For a 95% confidence level, the critical value is approximately 1.96 (Z-value from the standard normal table).
Margin of Error = Critical Value * Standard Error of the Mean
Margin of Error = 1.96 * 0.541 = 1.06036
Therefore, the margin of error is approximately $1.060 (rounded to three decimal places).
c. To compute a 95% confidence interval for the mean of the population, we use the formula:
Confidence Interval = Mean ± (Margin of Error)
Given the mean we calculated in part a:
Mean = 6.125
And the margin of error we calculated in part b:
Margin of Error = $1.060
Confidence Interval = 6.125 ± 1.060
Lower bound of the confidence interval = Mean - Margin of Error
Lower bound = 6.125 - 1.060 = 5.065
Upper bound of the confidence interval = Mean + Margin of Error
Upper bound = 6.125 + 1.060 = 7.185
Thus, the 95% confidence interval for the mean of the population is approximately $5.065 to $7.185.
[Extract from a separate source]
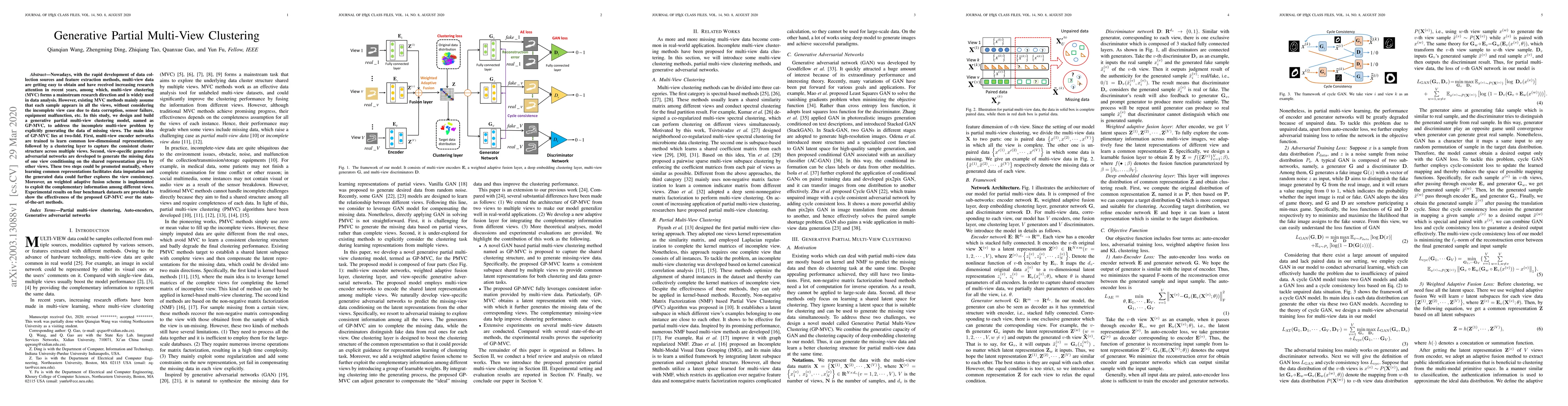 This paper proposes a generative partial multi-view clustering model, GP-MVC, to address incomplete multi-view data issues by generating missing data through view-specific GANs. The model employs encoder networks to learn common representations and a clustering layer to capture consistent cluster structures, while a weighted adaptive fusion scheme exploits complementary information across views.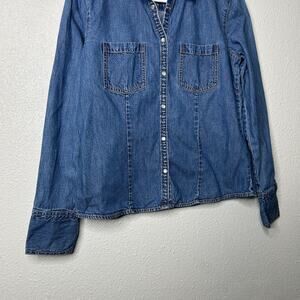 Mountain Lake denim snap-front shirt in blue, women’s size medium. Made from 100% cotton for a soft, breathable feel. Features long sleeves, a classic collar, chest pocket, and snap-button front closure. Perfect for layering or casual everyday wear.

To calculate the standard error of the mean, follow these steps:
a. Compute the standard error of the mean (in dollars).
1. Calculate the sample mean, which is the sum of all incomes divided by the total number of incomes:
Sample mean = (4.0 + 5.0 + 7.0 + 4.0 + 6.0 + 6.0 + 7.0 + 9.0) / 8 = 48 / 8 = 6.
2. Calculate the standard deviation of the sample, which measures the spread of the data points around the sample mean:
1. Calculate the sum of the squared differences between each data point and the sample mean:
(4.0 - 6)^2 + (5.0 - 6)^2 + (7.0 - 6)^2 + (4.0 - 6)^2 + (6.0 - 6)^2 + (6.0 - 6)^2 + (7.0 - 6)^2 + (9.0 - 6)^2
= 2^2 + (-1)^2 + 1^2 + 2^2 + 0^2 + 0^2 + 1^2 + 3^2
= 4 + 1 + 1 + 4 + 0 + 0 + 1 + 9
= 20.
2. Divide the sum above by n-1, where n is the sample size:
Standard deviation = sqrt(20 / (8 - 1))
= sqrt(20 / 7)
≈ sqrt(2.857)
≈ 1.69.
3. Calculate the standard error of the mean:
Standard error of the mean = standard deviation / sqrt(n)
= 1.69 / sqrt(8)
≈ 0.598.
Therefore, the standard error of the mean is approximately $0.598.
b. Compute the margin of error (in dollars) at 95% confidence.
To calculate the margin of error, we need to use the t-distribution. Since the sample size is small (n < 30), the t-distribution is appropriate:
1. Determine the degree of freedom, which is n - 1:
Degrees of freedom = 8 - 1 = 7.
2. Find the t-critical value for a 95% confidence level and 7 degrees of freedom. This value can be obtained from a t-table or by using statistical software. For this example, let's assume the t-critical value is 2.365.
3. Calculate the margin of error:
Margin of error = t-critical value * standard error of the mean
= 2.365 * 0.598
≈ 1.412.
Therefore, the margin of error at 95% confidence is approximately $1.412.
c. Compute a 95% confidence interval for the mean of the population.
To calculate the confidence interval, use the formula:
Confidence interval = Sample mean ± Margin of error
Plugging in the values:
Confidence interval = 6 ± 1.412
= (6 - 1.412, 6 + 1.412)
= (4.588, 7.412)
Therefore, the 95% confidence interval for the mean of the population is approximately $4.588 to $7.412.